Olympos
The five-hundred-foot-high walls of water on each side of the eighty-yard dry path were also frightening and even two days in the Breach hadn’t fully acclimated Harman to the sense of claustrophobia and fear of imminent collapse. He’d actually been in the Atlantic Breach once before, two years earlier when he was celebrating his ninety-eighth birthday—leaving from faxnode 124 near the Loman Estate on what had once been the New Jersey coast of North America and walking two days out, two days back, but not covering nearly so much ground as he was with Moira—and the walls of water and deep gloom of the trench had not bothered him so much then. Of course, Harman thought, I was younger then. And believed in magic.
He and Moira had not spoken in several hours, but their strides easily matched each other and they walked well together in silence. Harman was analyzing some of the information that now filled his universe, but mostly he was thinking about what he could and should do if he ever did manage to get back to Ardis.
The first thing he should do, he realized, is apologize to Ada from the bottom of his heart for having left on that idiotic voyage to the Golden Gate at Machu Picchu. His pregnant wife and unborn child should have come first. Consciously, he’d known that then, but he knew it now.
Next Harman was trying to stitch together a plan for saving his beloved, his unborn child, his friends, and his species. This was not so easy.
What was easier with the million volumes of information that had been—literally—poured into him was seeing some options.
First of all, there were the reawakened functions his mind and body kept exploring, almost one hundred of them. The most important of these, at least in the short term, was the free-fax function. Rather than find nodes and activate machinery, the nano-machinery present in every old-style human, and now understood by Harman, could fax from anywhere to anywhere on the planet Earth and even—should the interdictions be dropped—from the surface of the planet to selected points in the 1,108,303 objects, machines, and cities in orbit around the Earth.

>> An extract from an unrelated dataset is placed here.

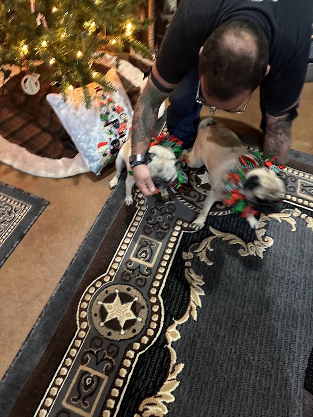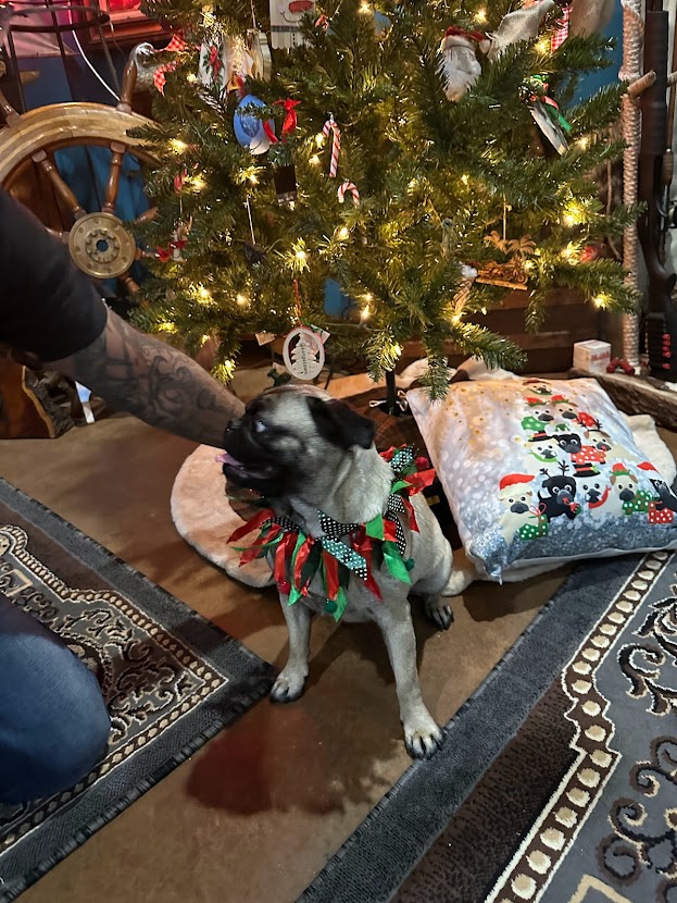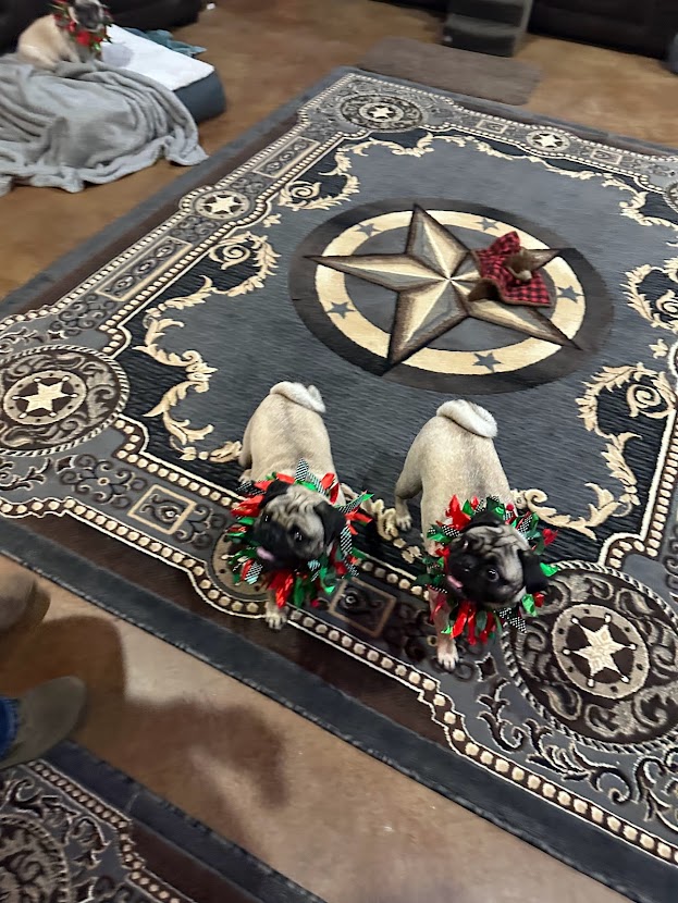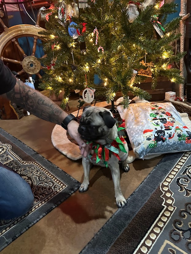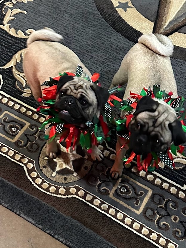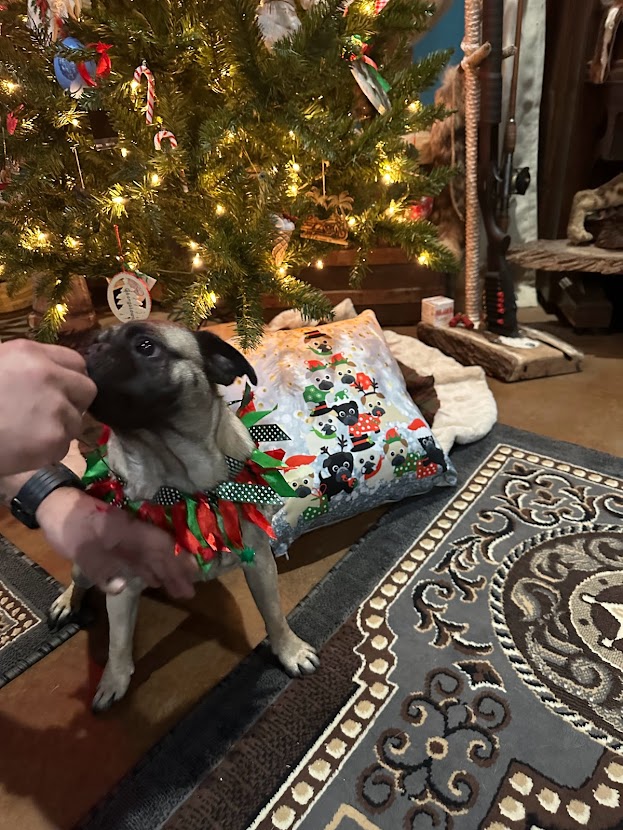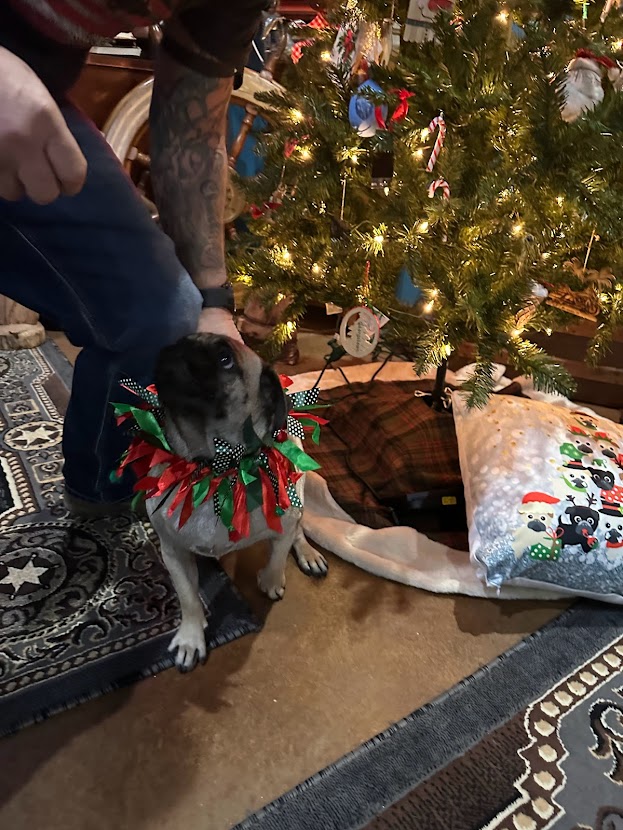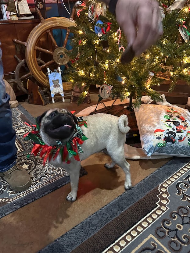 This year, we decided to have the pugs join in on the fun. I ordered them these cute little collars made of Christmas ribbon. Surely it wouldn’t be too hard to get one photo of all three of them, would it??

Free-faxing could save them all from the voynix—and from Setebos and his loosened calibani, even from Caliban himself—but only if the fax machines and storage modules in orbit were turned back on for humans.
Second, Harman now knew several ways he could get back up to the rings and even had a vague understanding of the alien-witch-thing named Sycorax who now ruled the former post-human orbital universe up there, but he had no clue as to how he and others could overpower Sycorax and Caliban—for Harman was certain that Setebos had sent his only begotten son up to the rings to interdict the fax function. But if they did prevail, Harman knew that he would have to drown in more crystal cabinets before he’d have all the technical information he needed to reactivate the complicated fax and sensor satellites.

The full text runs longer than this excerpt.